Tag Archives: iMac

Interlude: A Matter of Conversions

Thesis: Just over two decades after Apple changed computer design forever with the first iMac, the technology inside is best described as “quaint”. In 1998, the decision to be the first personal computer to jettison the floppy disk drive was as prophetic as adding a USB connector, but nobody expected the standard cathode-ray tube monitor to itself become completely obsolete a decade later. Downloads and streaming removing the need for CD-ROM drives, the hard drives becoming increasingly obsolete, and more actual processing power and functionality in the first generation of iPhones…22 years after that first 233mHz Bondi Blue iMac hit computer stores, there’s not a lot that the innards can do that can’t be done faster and cheaper with current tech, but that wonderful, beautiful polycarbonate shell is a different story.

Thanks to two former school computers gifted at the beginning of the last decade and a client who really wanted them as plant enclosures, it was time to go back and try making new iTerrariums from two stages of the iMac evolution: one converted from the first-generation Bondi Blue model circa 1998, and one from the much faster 400mHz Graphite model from 2001. Both had the classic handle on the back cut out and used as an access door, but the Graphite had one ring of ventilation holes around the handle that made its conversion much easier. The Graphite also had a plastic cradle that suspended the interior up against a support plate that also held the monitor and the speakers, and since the plate was polystyrene, it didn’t survive its slow journey through the Twenty-First Century in one piece. The original one disintegrated while attempting to fit glass over the monitor aperture: thankfully, I had a spare.

In both cases, quite literally, the bottom plate was relatively easy to waterproof and ready for holding soil mix, even around the ports for the power input and the peripherals. If anything, the Graphite had a smoother bottom thanks to that support cradle, but both were finished, sealed, and readied for the client.

As for lighting, previous iTerrariums used standard 17x LED bulbs because waterproof lights of that intensity didn’t exist at the time.

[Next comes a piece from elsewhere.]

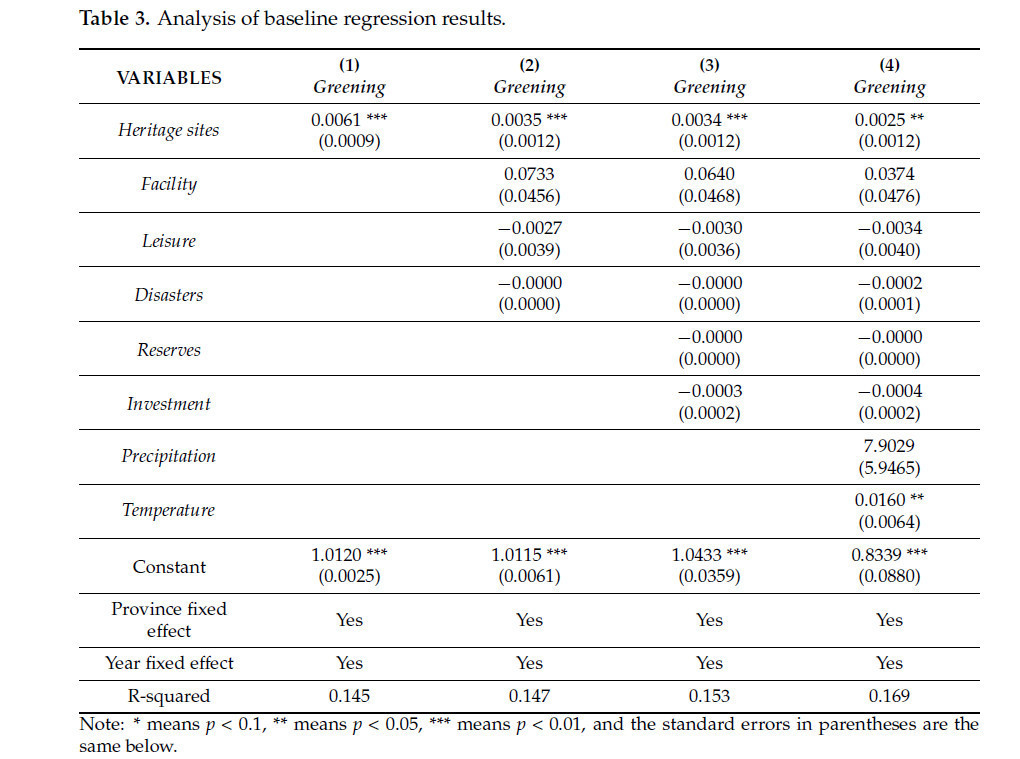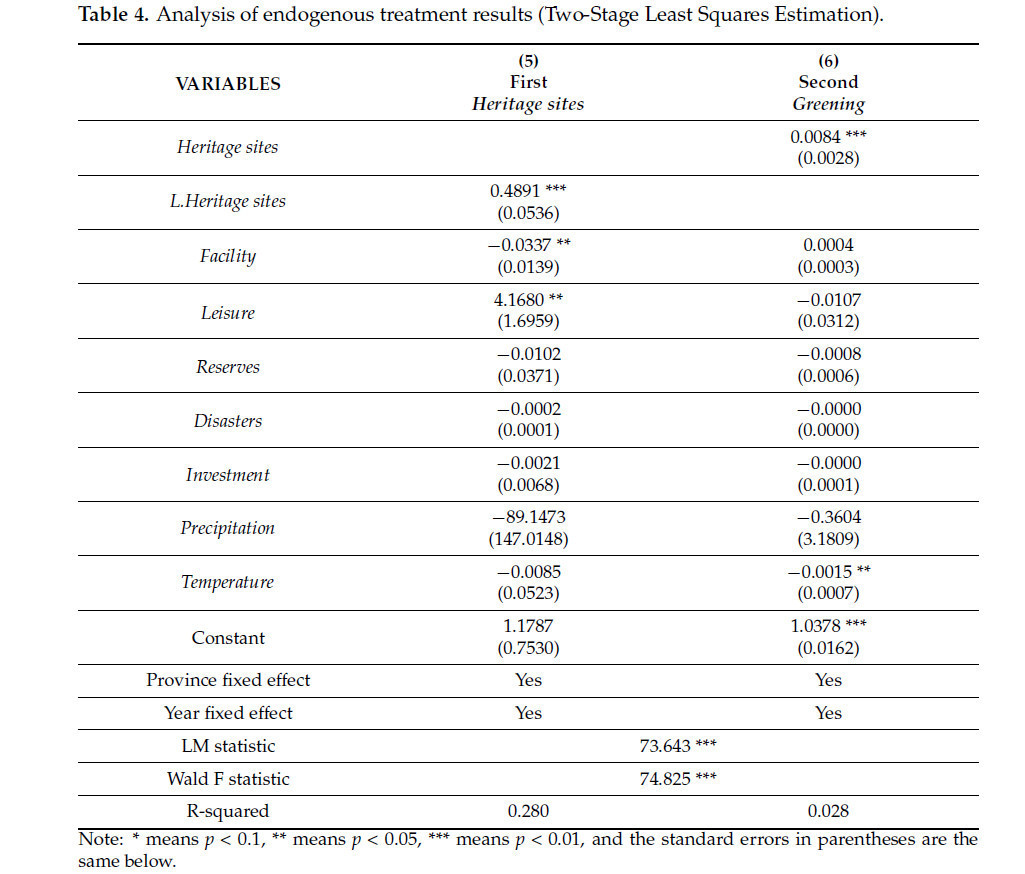 Модель 1 — это результат без контрольных переменных. Модель 2 — это результат введения контрольных переменных исключительно на сельскохозяйственном уровне. Модель 3 включает контрольные переменные на экологическом уровне в дополнение к тем, которые присутствуют в Модели 2. Наконец, Модель 4 включает контрольные переменные на уровне природной среды в дополнение к тем, которые присутствуют в Модели 3. Результаты показывают, что защита объектов сельскохозяйственного наследия оказывает положительное влияние на экологическое развитие сельского хозяйства, достигая статистической значимости на уровне 1% в Модели 1, Модели 2 и Модели 3 и на уровне 5% в Модели 4.
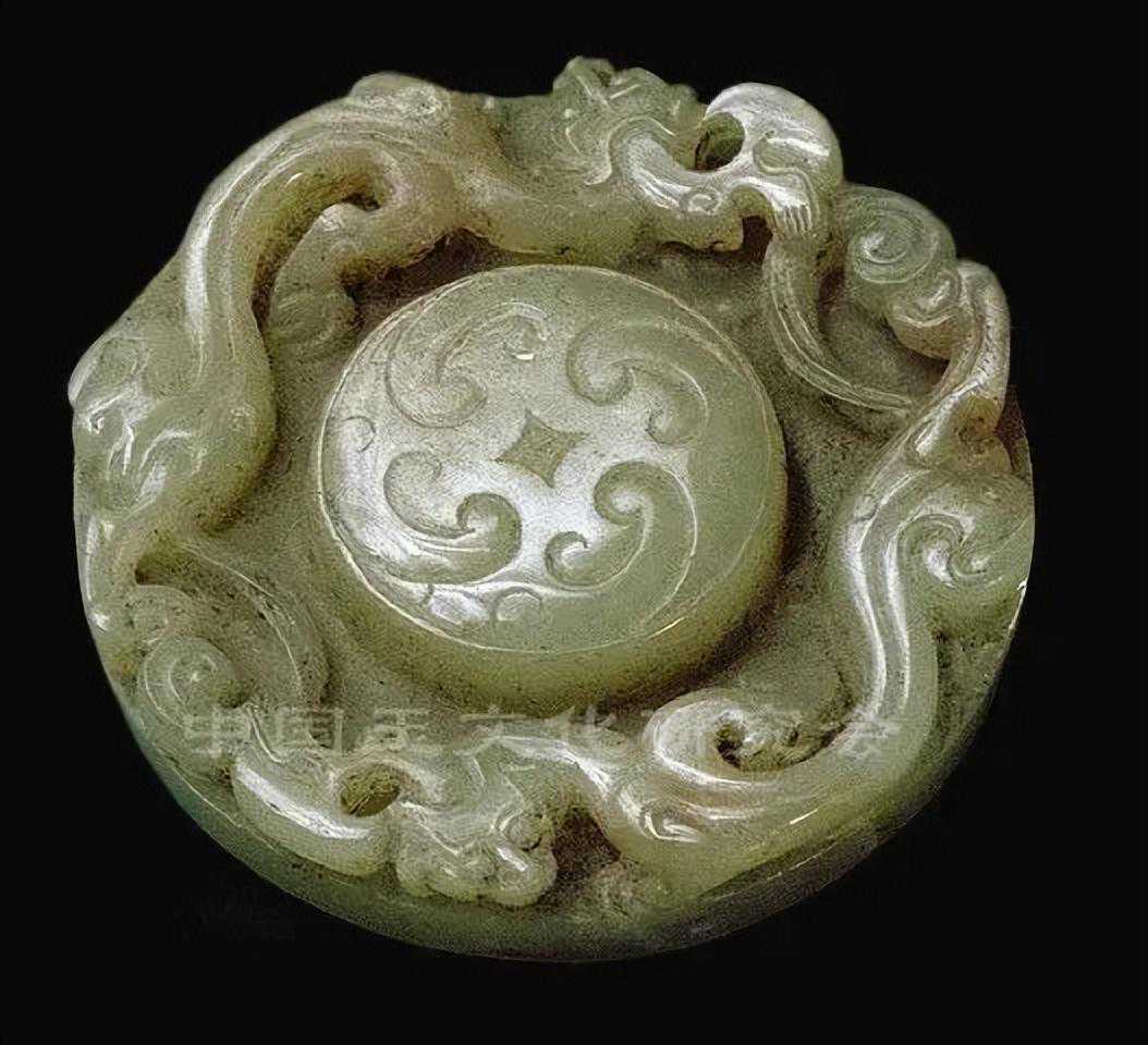 元代青玉螭龙圆牌饰

Ah, how the world changes in less than a decade. More light, less heat, and a significantly reduced risk of electric shock, as well as a more modular system where the entire enclosure can be moved much more easily.

In any case, these won’t be the last dead tech conversions to come out of the Triffid Ranch, but these will be some of the last iMac conversions for a while. Worthy iMacs may not be as rare as Eighties-era console televisions, but they’re getting there, and when I go through the last available shells, that’ll be it. The important part is that the client will be happy, and now it’s time to move to other projects.